= Hays Larks =

Collegiate summer league baseball team

The Hays Larks are a collegiate summer baseball team located in Hays, Kansas. The Larks evolved from Hays during the 1946 season. From 1869 to 1945, the team went by the name of The Hays Town Team and was sponsored by various organizations and businesses in Hays. The Larks won their first NBC championship in 2024, defeating the defending champions Hutchinson Monarchs 7-3.

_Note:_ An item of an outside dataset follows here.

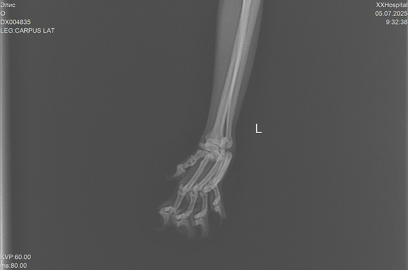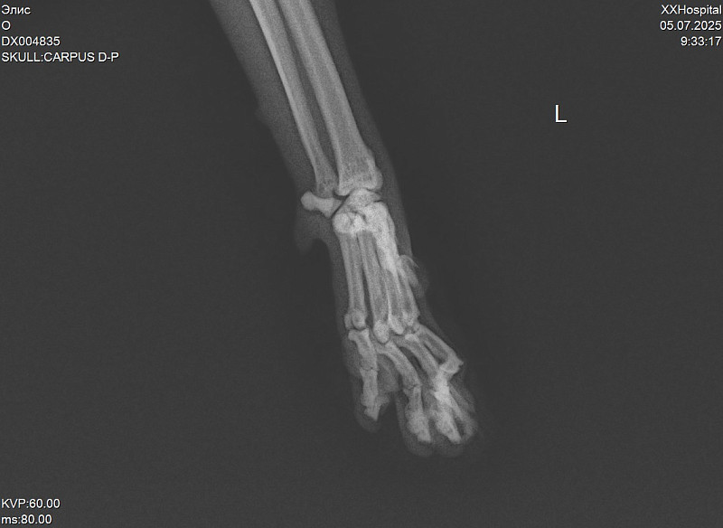 5 июля кошка выпала из окна 2 этажа. Нашли ее под окнами, была в положении когда лежит как бы на 4 лапках. Когда взяли на руки очень кричала. Она хромала, на переднюю левую лапку не наступала, прижимала к себе. Сразу обратились к врачу в клинику Высота. Сделали снимки, перелома нет, сказали что разрыв связок. Прописал иммобилизацию (хотя повязку и ничего другого не предложили), и таблетки НПВС. Ждать 1,5 недели. после чего сказал, что если не поможет нужна операцию по стабилизации сустава. Все снимки и док-ты прикладываю. Прошло 1,5 недели, она стала активнее, но на лапку не наступает - изредка использует. Когда становится на нее, то она у нее как бы изогнута вовнутрь и пальцы в разные стороны разъехались, хотя она ими шевелит и как обычно сжимает их, иногда даже дерет ей когтеточку. Непонятно какой степени разрыв.

The Larks were part of the Jayhawk Collegiate League conference and were league champions in 2001, 2002, 2003, 2005, and 2006. The Larks have finished as NBC national runner-up four times: in 1995 with their only two losses to Team USA, 2000, 2001, 2007, and 2016.

As of 2020 the Larks are playing in the Rocky Mountain Baseball League and won the league in 2020, their inaugural year joining.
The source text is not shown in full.